# Rong Fu RF31 DRO help requested



## MarkRoe (Mar 11, 2018)

Hello everyone.  I am brand spanking new to the site and am hoping someone can help me out. I need to add a DRO to my Rong Fu RF31 mill/drill.  I am a knifemaker and bladesmith and am working on a new folder design and think that a DRO would make my life a whole bunch simpler. Here is a little backstory:

I received the scales and DRO display from a company in China as a sample about two years ago.  My intent was to add those to my mill and be up and running.  Things got busy with other knife projects and I kind of shelved the DRO project.  I recently took them out and although I consider myself a relatively clever and handy guy, I just don't know where to start. I've looked at a variety of videos and internet posts on adding scales and a DRO to a RF31 but I'm still like a deer in the headlights.  I'm just not sure where to start of how to go about fitting them to the mill.

So, my biggest hope is that there is someone in either North Idaho or Eastern Washington that might be able to help me get this done.  If that isn't possible, then I will graciously accept any help offered.

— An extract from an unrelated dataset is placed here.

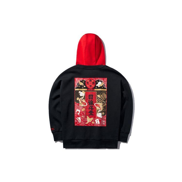 Li Ning New Year Series Prosperity свободный пуловер с капюшоном мужские толстовки черные AWDQ077-1

The scale lengths (in inches) are:  11.5, 13.5, and 25.25

Thank you,

Mark


----------



## Ulma Doctor (Mar 11, 2018)

Hi Mark,
the first place to start, is to assure yourself that you can do it.
step 2: pick a scale, any scale and consider where you are going to mount it.
if you can mount it on the operator side, great!- if not the other option will need to be assessed.
step 3: if you can lightly clamp the ends of the scale beam- you can employ a level to find out where you should locate the holes in the slots on the ends of the scale- you can use a sharpie and color a patch on the table near the ends and scratch out the slot on the table.
remove the scale and clamps and center punch a hole on both ends of where the scales are to be mounted, and drill and tap accordingly
step 4: install hardware in the scale beam ends.
step 5: test level again of scale beam and adjust.
step 6: move table back and forth with finger pressure on the movable scale and note the location and adjust for best travel, etc.
step 7: when you get the moveable scale feeling good, mark a location, center punch , then drill and tap accordingly
step 8: install hardware for moveable scale
step 9: install cable to display
step 10: lather rinse repeat 2 or 3 more times for the number of scales you have.
step 11: plug it all in and Hit the go button
step 12: Enjoy the fruits of your labor


----------



## MarkRoe (Mar 11, 2018)

Ulma Doctor, 
Thank you for the quick reply.  I appreciate you breaking it down for me.  I have to admit that through all of my head scratching that your instructions seem like "It can't possibly be that simple".  But, I am going to give it a shot.  

Mark


----------



## yendor (Mar 27, 2018)

How did this work out for you.

Did you  get the DRO's installed.?


----------



## MarkRoe (Mar 31, 2018)

Yendor,

I have not installed them yet as I have unfortunately still been having to deal with snow, etc.  I have it on the calendar to tackle next weekend though.  I will hopefully post successful pictures then.
Mark


----------



## MarkRoe (Apr 7, 2018)

Ok, so I got the X axis scale attached and all seems to be working very well.  Scratching my head on where to attach the Y axis scales but will post pics next week with hopefully a solution.  Many thanks to Ulma Doctor for helping me get the ball rolling by simplifying the process so much.  Just have to put the cover on that scale then on to the next two.

Mark


----------



## JohnnyTK (Apr 8, 2018)

Here is a recent Rong Fu install. Also YouTube video. https://thecogwheel.net/2018/02/14/200-shenzhen-dro-jcs900-2ae/


----------



## MarkRoe (Apr 8, 2018)

JohnnyTK,

Thank you for the link.  Those videos are very helpful and what I will do with the Y axis.  I never would have found them as I searched Rong Fu, RF31, etc.  

Mark


----------